Assignment:
Below are records with pictures in them. Transcribe everything from the line containing "tiff+tam Mini Jaw" down to the line containing "1、熟食廚房MUJI Kit", exactly, and leave the pictures behind.

Material supplied:
-------------------------
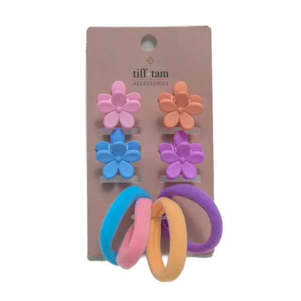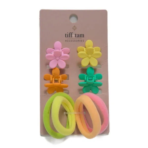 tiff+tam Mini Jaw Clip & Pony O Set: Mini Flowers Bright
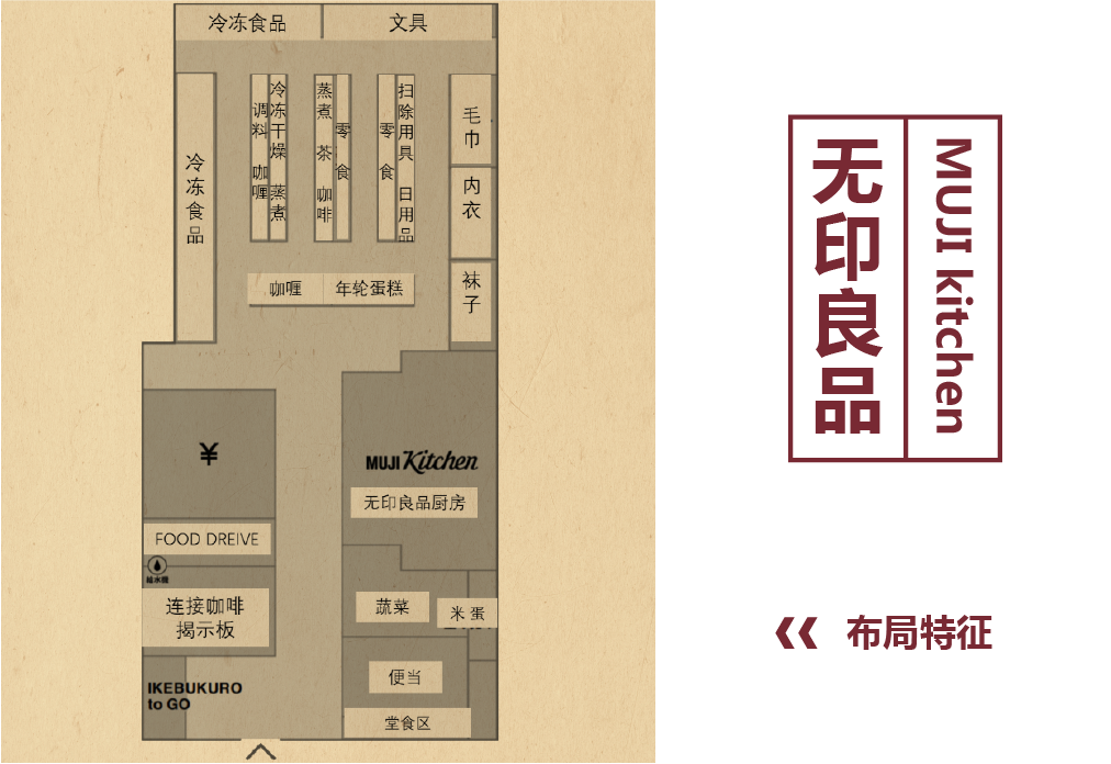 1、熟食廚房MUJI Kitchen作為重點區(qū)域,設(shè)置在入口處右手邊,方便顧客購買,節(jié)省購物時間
-------------------------
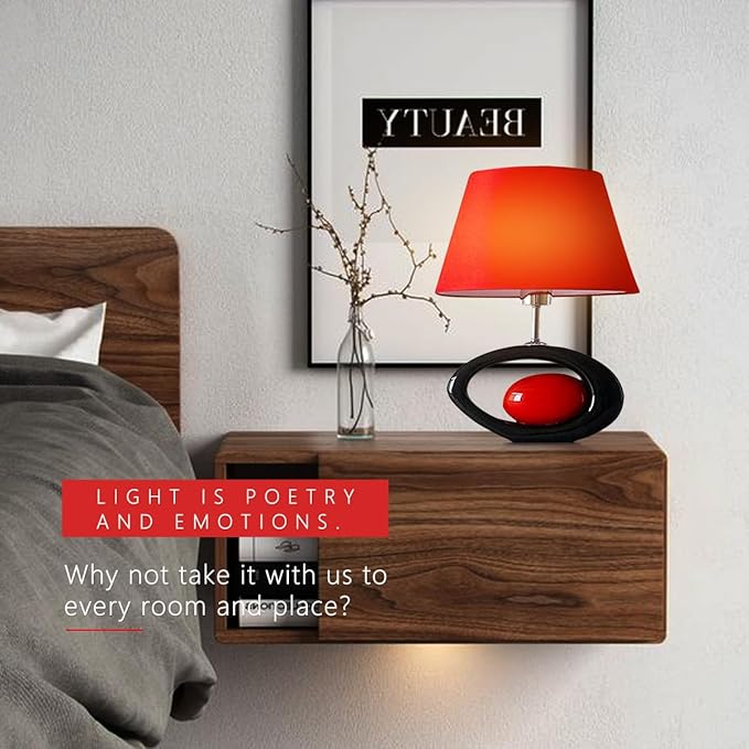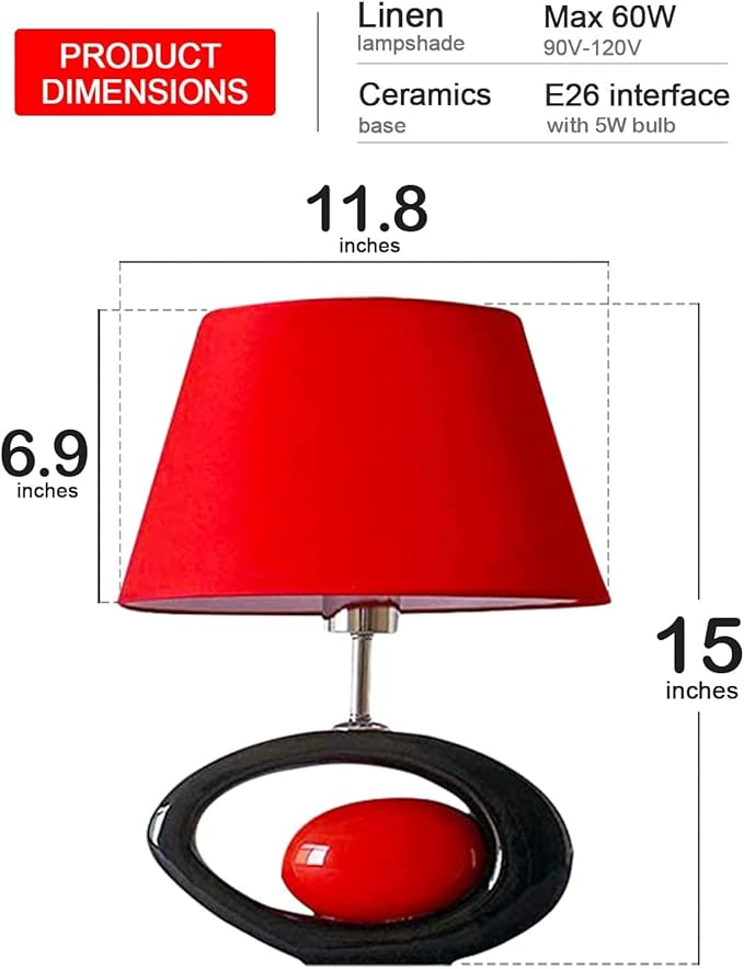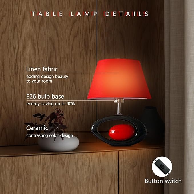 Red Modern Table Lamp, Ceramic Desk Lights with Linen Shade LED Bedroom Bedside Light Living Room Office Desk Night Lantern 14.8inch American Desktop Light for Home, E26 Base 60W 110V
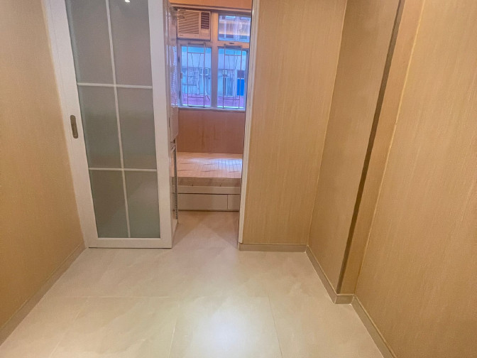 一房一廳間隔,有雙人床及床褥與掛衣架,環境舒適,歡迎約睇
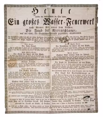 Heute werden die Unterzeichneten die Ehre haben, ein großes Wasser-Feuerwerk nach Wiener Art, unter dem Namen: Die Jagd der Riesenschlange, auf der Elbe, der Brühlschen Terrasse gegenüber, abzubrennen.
-------------------------
Answer section:
 tiff+tam Mini Jaw Clip & Pony O Set: Mini Flowers Bright
 1、熟食廚房MUJI Kitchen作為重點區(qū)域,設(shè)置在入口處右手邊,方便顧客購買,節(jié)省購物時間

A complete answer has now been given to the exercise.